Il concerto di questa settimana è davvero particolare, per contenuti e… brevità quasi aforistica. Sul podio John Neschling, la cui sospetta combinazione nome-cognome ne
tradisce la nazionalità: brasiliana. Pubblico limitato agli irriducibili
intimi: fra le numerose assenze, notata quella di Nicola Campogrande, che ormai da mesi saliva regolarmente sul podio per ricevere gli
applausi di prammatica per i suoi divertimenti targati EXPO.

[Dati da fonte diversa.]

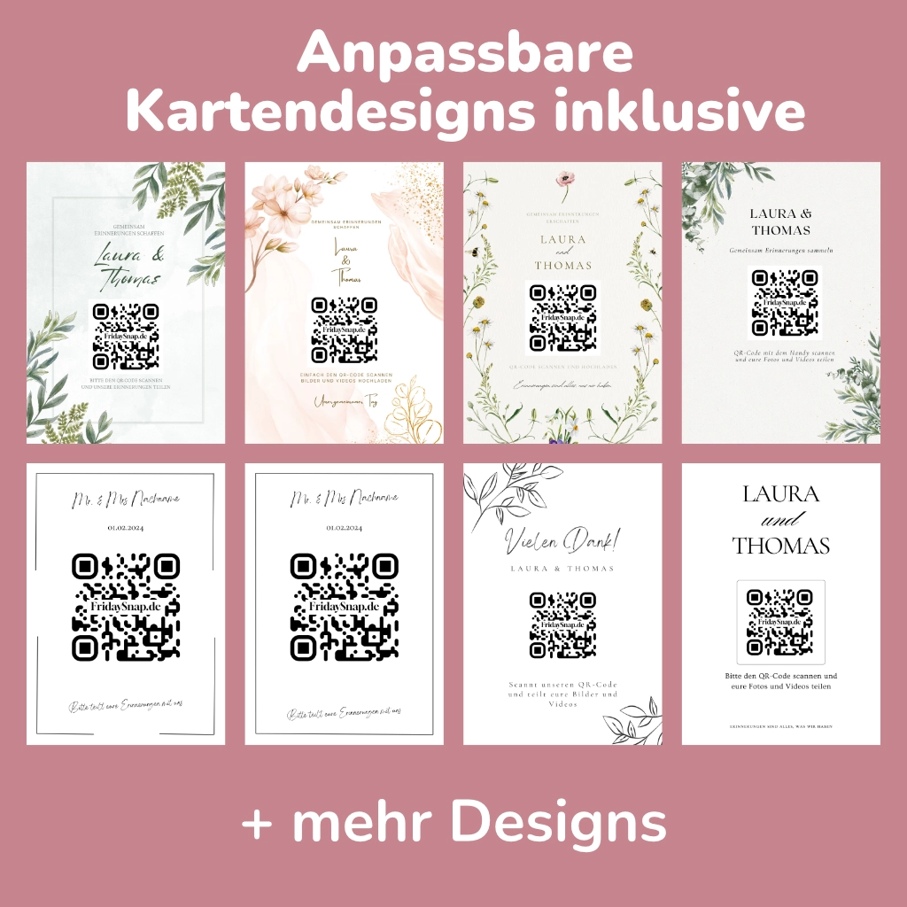 Wir haben für euch personalisierbare Kartendesigns erstellt, damit ihr euren Hochzeits QR-Code euren Gästen wunderschön präsentieren könnt. Damit motiviert ihr eure Gäste, Fotos zu sammeln und mit euch zu teilen.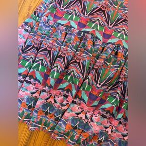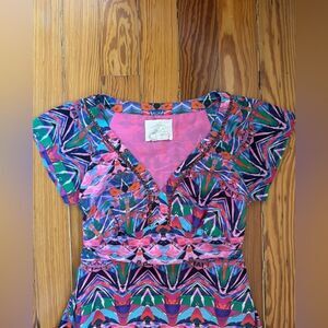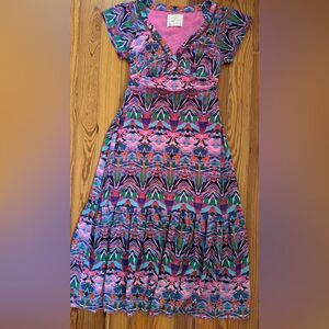 Lightly worn. Beautiful dress with bold colorful print. Beading along the neckline. Tie at waist. Small section where the stitching is coming undone (see photo). Size 4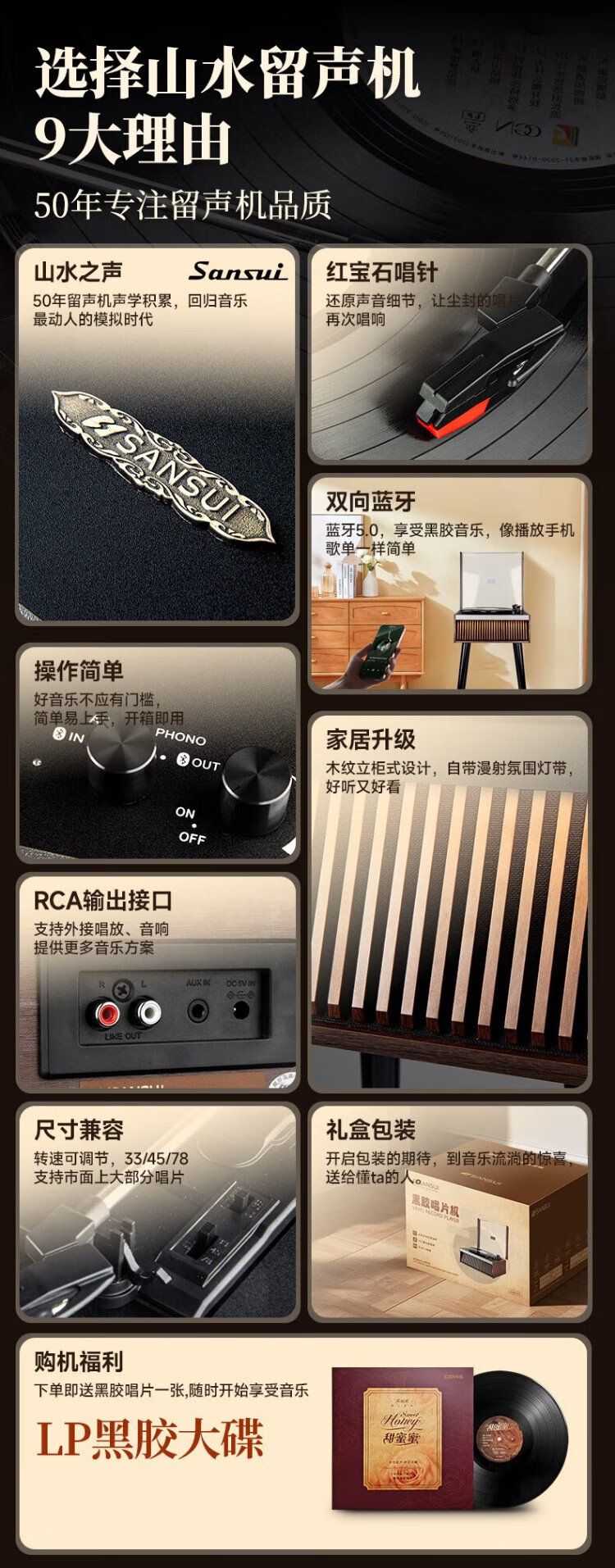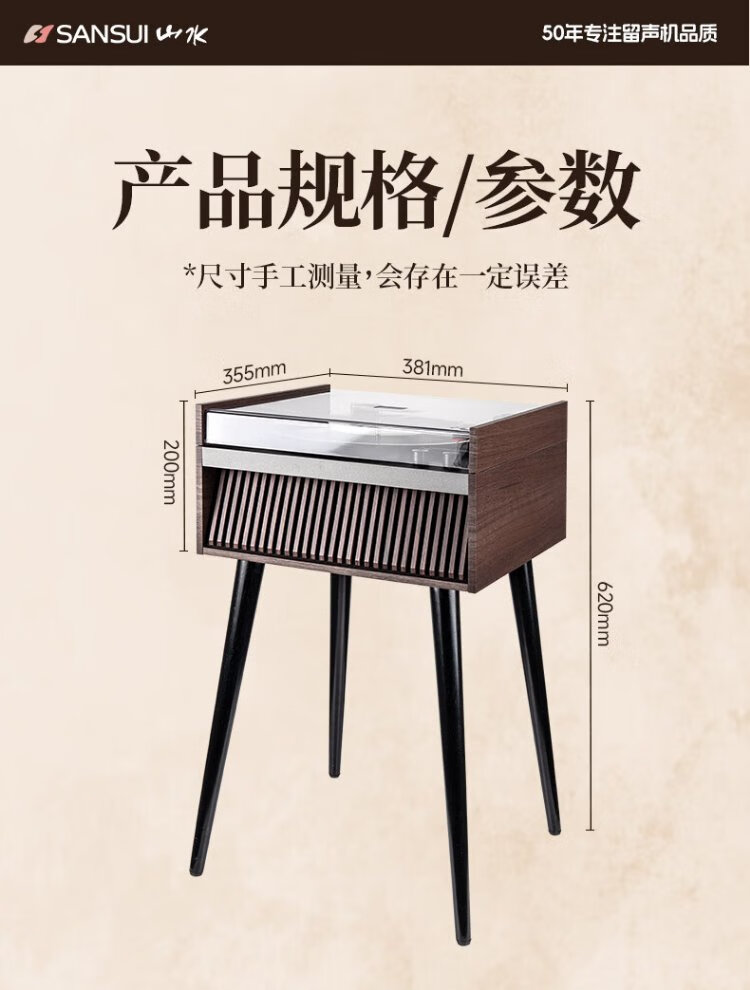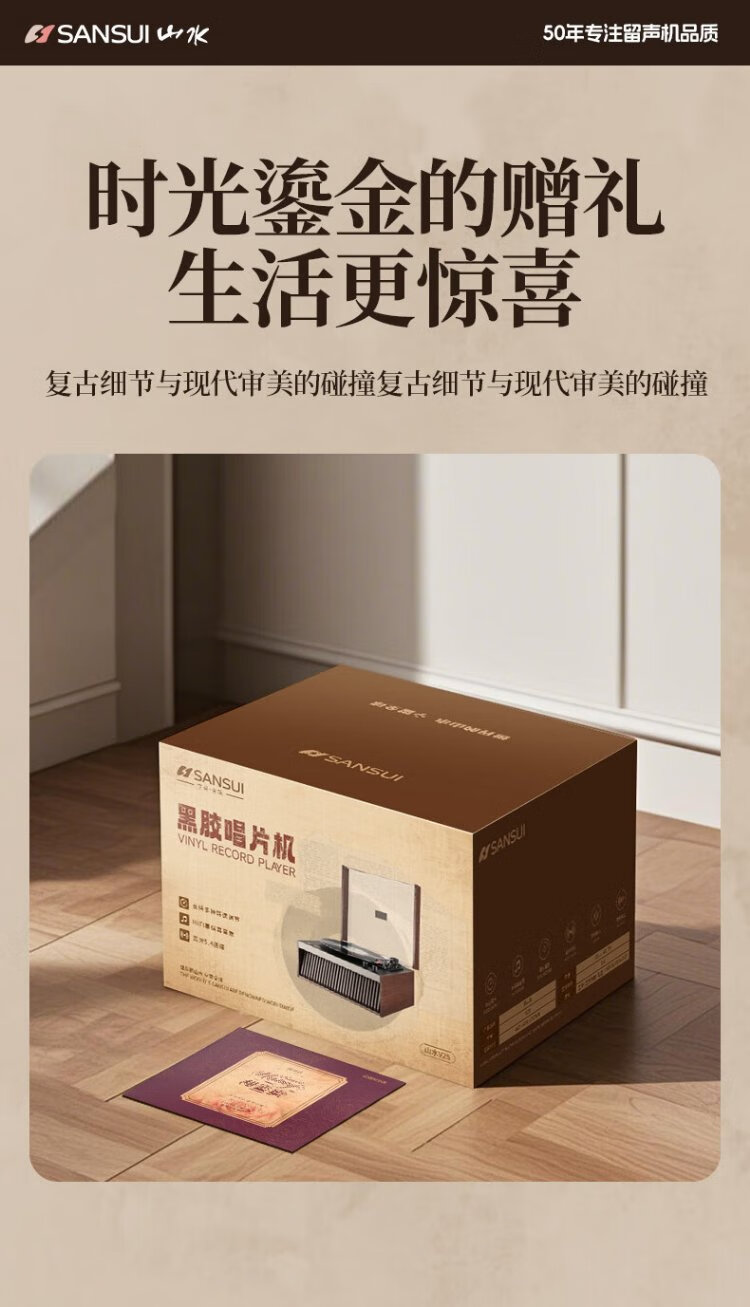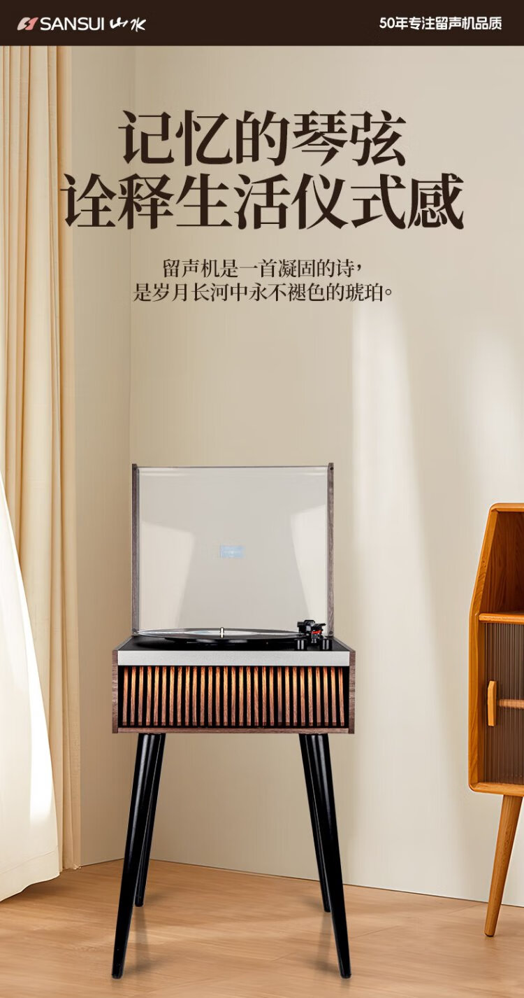 SANSUI vinyl record player, integrated retro gramophone, upright bluetooth film record player, nostalgic living room ornaments, birthday gift V25 Sweet Honey

Si apre quindi con Il Cigno di Tuonela, la cui prima stesura, seguita da qualche aggiustamento, causa cambi di destinazione del brano, risale al 1893. È il secondo (o terzo, a seconda della collocazione) dei quattro numeri della suite titolata Lemminkäinen, dal nome di un personaggio della principale mitologia finnica, la Kalevala (alter-ego delle Edda norrene).
Il cignone nero protagonista del brano è quello che maestosamente circumnaviga l’isola di morti di Tuonela, e che il prode quanto incallito sciupafemmine Lemminkäinen dovrebbe far secco per ottenere la mano di una principessa. Invece è lui che fa la fine del cigno del Parsifal, trafitto con una freccia avvelenata da un pastore cieco che poi lo riduce pure a spezzatino. Però sua madre recupera i pezzettini galleggianti sull’acqua (prima che il cigno se li ingoi) e li re-incolla con l’attak, rimettendolo in sesto meglio di prima (!? evabbè… i miti.)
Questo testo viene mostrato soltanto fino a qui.